You see a biker in a helmet and your trigger finger twitches. Then you realize it's his helmet silhouette.


----------



## DCRabbit (14 Jun 2011)

jemcgrg said:
			
		

> My three roommates are in the military and polish their boots every day. Am I the only one who likes the smell of boot polish?



 Nahh.. it doesn't feel like home if there isn't the smell of boot polish in the air. Or stuff isn't held together with gun tape.


----------



## RememberanceDay (14 Jun 2011)

When you can recite all 154 of Murphy's Military laws... Like #87

"You will always lose a battle if the CO is watching."


----------



## blackberet17 (22 Jun 2011)

When you take your brand new "field hot beverage container" (aka Tim Horton's thermos or the like), and wrap it in gun tape, so it's more "tactical".  :camo:


----------



## ReneeClaude (22 Jun 2011)

When you ALWAYS use military time and get annoyed at people who don't

For the ladies - When you have a tube of camouflage face paint in your make up bag  ;D


----------



## daftandbarmy (23 Jun 2011)

You attract attention at the local sports field when your kids run full tilt down the length of the top row of the bleachers and launch themselves head first into space (to be caught by you) screaming 'AIIIIRRRRBORRRNNNEE!!!!

When you put them down you direct them to 'recover'.

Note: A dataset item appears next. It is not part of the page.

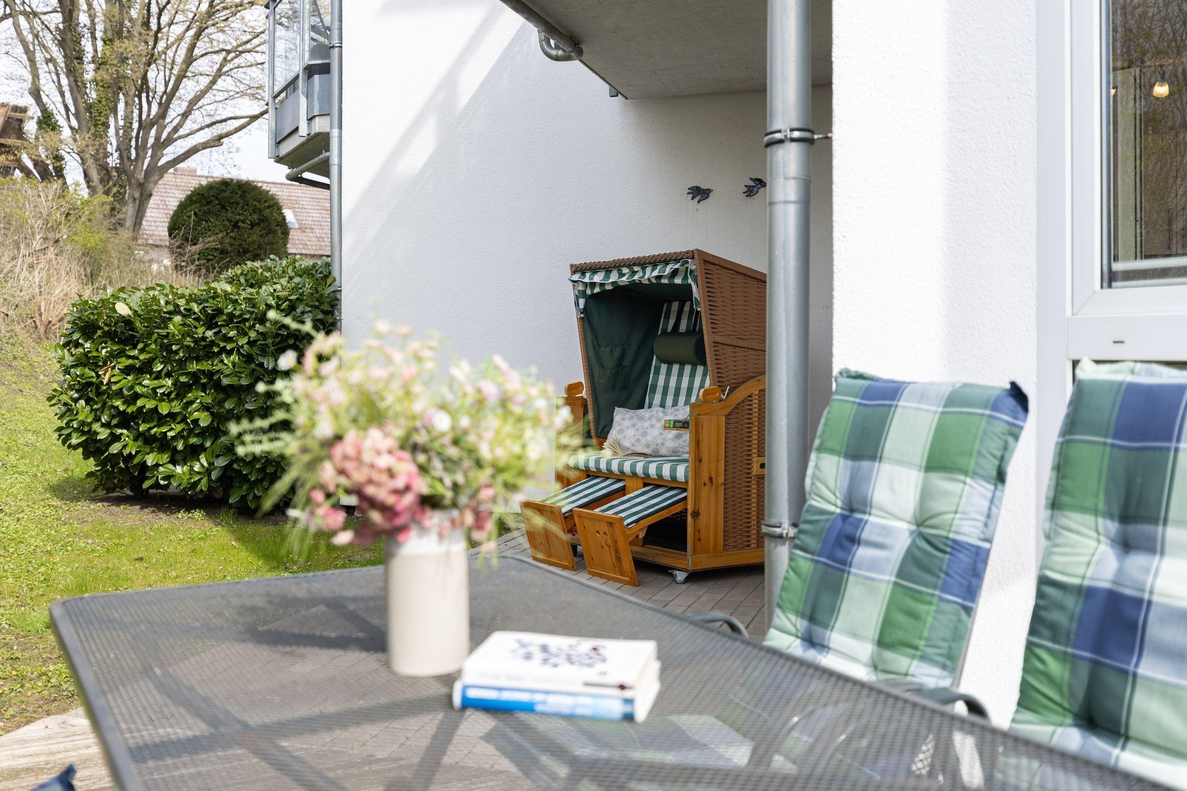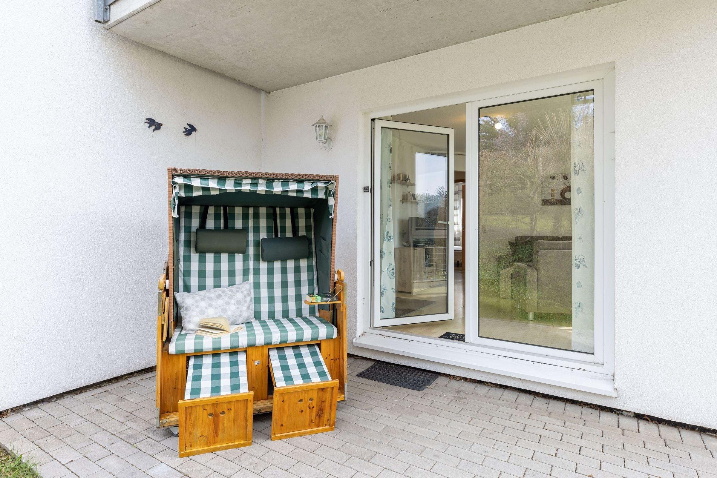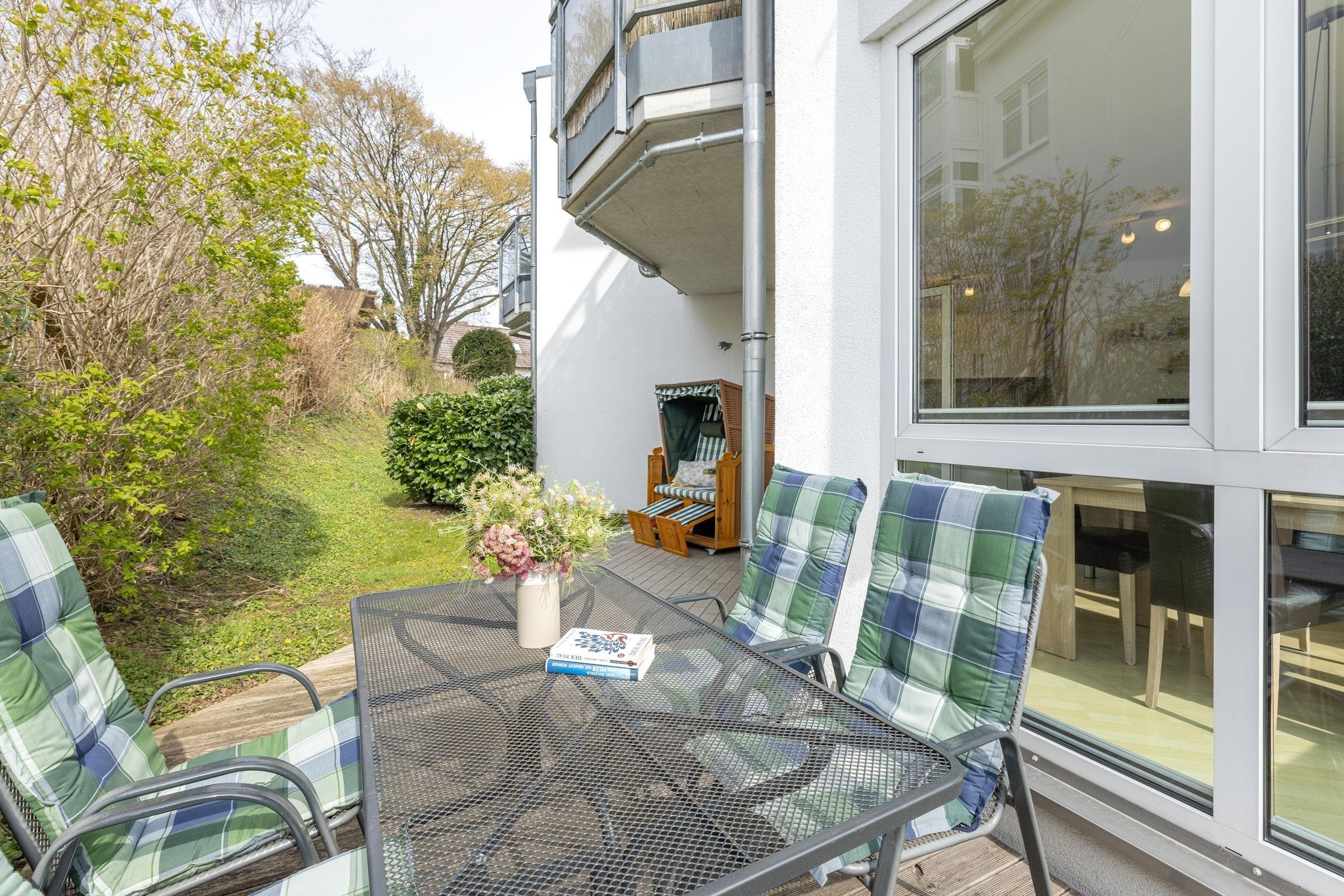 Vom kombinierten Wohn- und Essraum mit Erker und L-förmiger Küchenzeile gelangen Sie direkt auf die möblierte Terrasse mit eigenem Strandkorb. Die Ferienwohnung bietet ein Wohnzimmer, zwei Schlafzimmer (mit je einem Doppelbett á 2x 80x200cm), ein Badezimmer mit Dusche und WC sowie einen Abstellraum. Ein zweiter Fernseher steht Ihnen in einem der Schlafzimmer zur Verfügung. Für einen entspannten Schlaf sind die Schlafzimmer mit Fliegengittern ausgestattet.

Other people's kids whine to their parents that they want to do the same thing. They look at you like you're insane then lead them off to somewhere safer.

Pussies.


----------



## Sapplicant (23 Jun 2011)

You're a member of a military internet forum. And you've never even been in the ******* army.


----------



## Hammer Sandwich (23 Jun 2011)

daftandbarmy said:
			
		

> When you put them down you direct them to 'recover'.
> 
> Other people's kids whine to their parents that they want to do the same thing. They look at you like you're insane then lead them off to somewhere safer.



 :rofl:

Too true.....people often look at me like I've got dicks growing out of my eye sockets when I'm speaking to my kid, but I find simple, to the point directions to be much more useful, and effective when dealing with kids.


----------



## BernDawg (24 Jun 2011)

daftandbarmy said:
			
		

> You attract attention at the local sports field when your kids run full tilt down the length of the top row of the bleachers and launch themselves head first into space (to be caught by you) screaming 'AIIIIRRRRBORRRNNNEE!!!!
> 
> When you put them down you direct them to 'recover'.
> 
> ...


My (then) 4 yr old daughter took a flying leap off the top of the stairs into my sister-in-law's arms screaming like a banshee all the way. My sister-in-law was not expecting such behaviour form a demure (ya right!) little  4 yr old however she caught her. My daughter was giggling and my sister-in-law was freaking out!!
What my sis-in-law didn't know was that my daughter and I had been practicing this since she could walk. One step, two steps etc until she could nail it off of the top of the stairs.
Maybe we're all a little touched  but I wouldn't change a thing.


----------



## kawa11 (24 Jun 2011)

BernDawg said:
			
		

> My (then) 4 yr old daughter took a flying leap off the top of the stairs into my sister-in-law's arms screaming like a banshee all the way. My sister-in-law was not expecting such behaviour form a demure (ya right!) little  4 yr old however she caught her. My daughter was giggling and my sister-in-law was freaking out!!
> What my sis-in-law didn't know was that my daughter and I had been practicing this since she could walk. *One step, two steps etc until she could nail it off of the top of the stairs.*
> Maybe we're all a little touched  but I wouldn't change a thing.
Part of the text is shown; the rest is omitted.